Nothing but the lines from the one showing "Dalam rangka pengamanan" through the final line of the data below belongs in the answer, duplicated exactly and without pictures.

## Collected material
%%

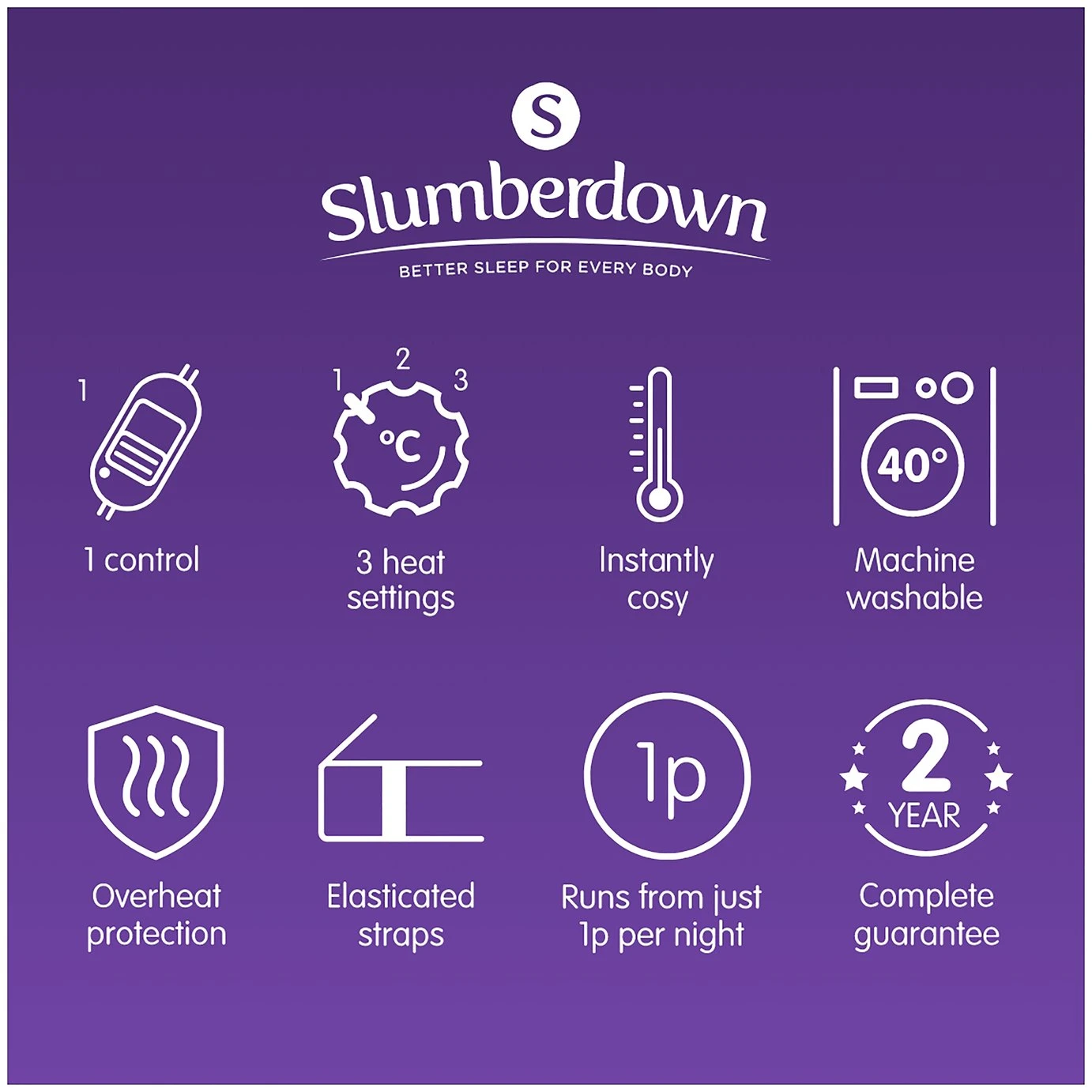 Keep your toes toasty with the Slumberdown Essentials electric blanket. It easily attaches with corner straps to a small double bed, and with 3 settings you can achieve the perfect temp for your cosy cocoon to curl up in. Conveniently, it’s machine washable and has low energy consumption with auto shut off, giving you peace of mind.
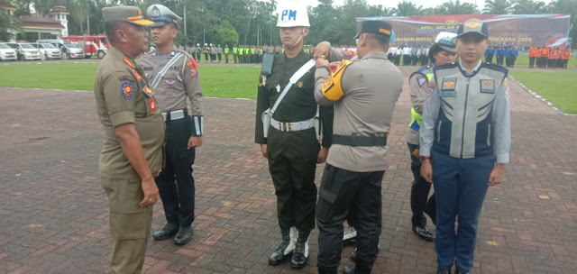 Dalam rangka pengamanan wilayah menyambut Hari Raya Natal dan Tahun Baru 2024, Petugas Gabungan Yang terdiri dari Polresta Deliserdang, Kodim 0203 DS, Pemkab Deliserdang dan unsur terkait menggelar Apel Pasukan dalam Operasi Lilin Toba di Lapangan Akun Alun Pemkab Deliserdang, Lubukpakam. Kamis 21/12/2023.
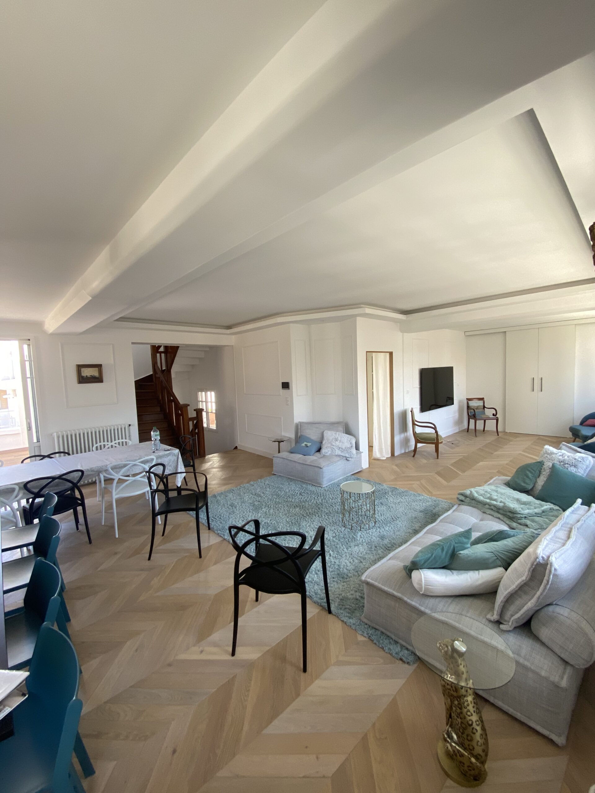 Appartement spacieux en duplex (150 m2 + 70 m2 de terrasse), entièrement rénové, très lumineux.
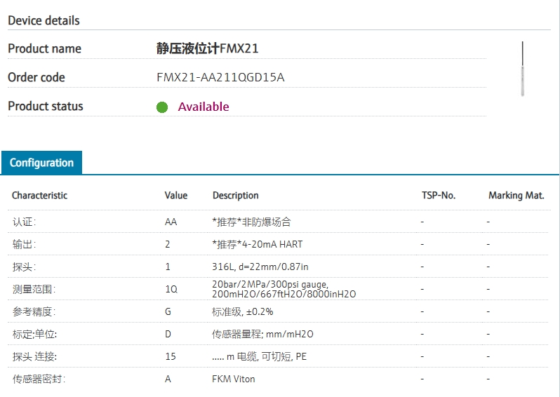 :: Intgerated overvoltage protection.认证: AA *推荐*非防爆场合 输出: 2 *推荐*4-20mA HART 探头: 1 316L, d=22mm/0.87in 测量范围: 1Q 20bar/2MPa/300psi gauge, 200mH2O/667ftH2O/8000inH2O 参考精度: G 标准级, ±0.2% 标定;单位: D 传感器量程; mm/mH2O 探头 连接: 15 ..... m 电缆, 可切短, PE 传感器密封: A FKM Viton

%%

## Written answer
 Dalam rangka pengamanan wilayah menyambut Hari Raya Natal dan Tahun Baru 2024, Petugas Gabungan Yang terdiri dari Polresta Deliserdang, Kodim 0203 DS, Pemkab Deliserdang dan unsur terkait menggelar Apel Pasukan dalam Operasi Lilin Toba di Lapangan Akun Alun Pemkab Deliserdang, Lubukpakam. Kamis 21/12/2023.
 Appartement spacieux en duplex (150 m2 + 70 m2 de terrasse), entièrement rénové, très lumineux.
 :: Intgerated overvoltage protection.认证: AA *推荐*非防爆场合 输出: 2 *推荐*4-20mA HART 探头: 1 316L, d=22mm/0.87in 测量范围: 1Q 20bar/2MPa/300psi gauge, 200mH2O/667ftH2O/8000inH2O 参考精度: G 标准级, ±0.2% 标定;单位: D 传感器量程; mm/mH2O 探头 连接: 15 ..... m 电缆, 可切短, PE 传感器密封: A FKM Viton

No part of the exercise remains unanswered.